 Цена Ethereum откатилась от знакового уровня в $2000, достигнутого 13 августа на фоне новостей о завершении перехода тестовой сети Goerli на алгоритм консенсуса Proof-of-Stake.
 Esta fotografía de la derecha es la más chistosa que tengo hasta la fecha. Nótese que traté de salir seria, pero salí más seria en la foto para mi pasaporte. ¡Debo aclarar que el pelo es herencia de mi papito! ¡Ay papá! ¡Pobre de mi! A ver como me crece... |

◆ ◆ ◆ ◆

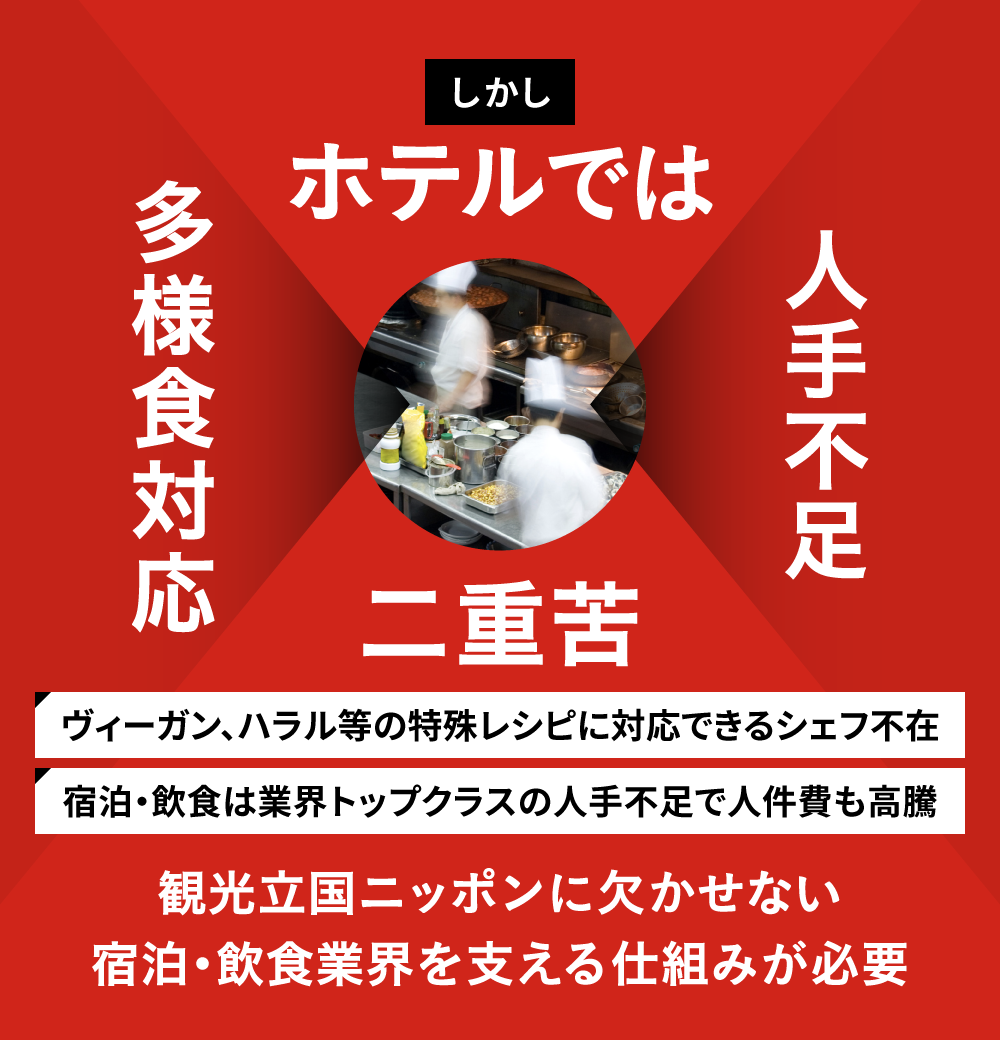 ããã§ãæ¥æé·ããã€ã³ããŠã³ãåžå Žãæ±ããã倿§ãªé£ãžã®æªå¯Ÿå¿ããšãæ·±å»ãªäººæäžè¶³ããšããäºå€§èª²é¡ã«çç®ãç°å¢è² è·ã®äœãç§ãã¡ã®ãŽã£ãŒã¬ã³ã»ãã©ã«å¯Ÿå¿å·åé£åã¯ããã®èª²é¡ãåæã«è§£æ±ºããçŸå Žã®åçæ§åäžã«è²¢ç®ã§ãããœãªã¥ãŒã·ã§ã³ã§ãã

◆ ◆ ◆ ◆

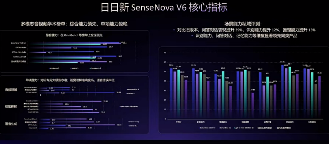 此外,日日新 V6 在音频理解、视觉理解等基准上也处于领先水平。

◆ ◆ ◆ ◆

**Activity**
Everything from the line with "Цена Ethereum откатилась" through the line with "Esta fotografía de" should be written out exactly as it appears above, end lines included, and nothing outside that range.

**Result for this task**
 Цена Ethereum откатилась от знакового уровня в $2000, достигнутого 13 августа на фоне новостей о завершении перехода тестовой сети Goerli на алгоритм консенсуса Proof-of-Stake.
 Esta fotografía de la derecha es la más chistosa que tengo hasta la fecha. Nótese que traté de salir seria, pero salí más seria en la foto para mi pasaporte. ¡Debo aclarar que el pelo es herencia de mi papito! ¡Ay papá! ¡Pobre de mi! A ver como me crece... |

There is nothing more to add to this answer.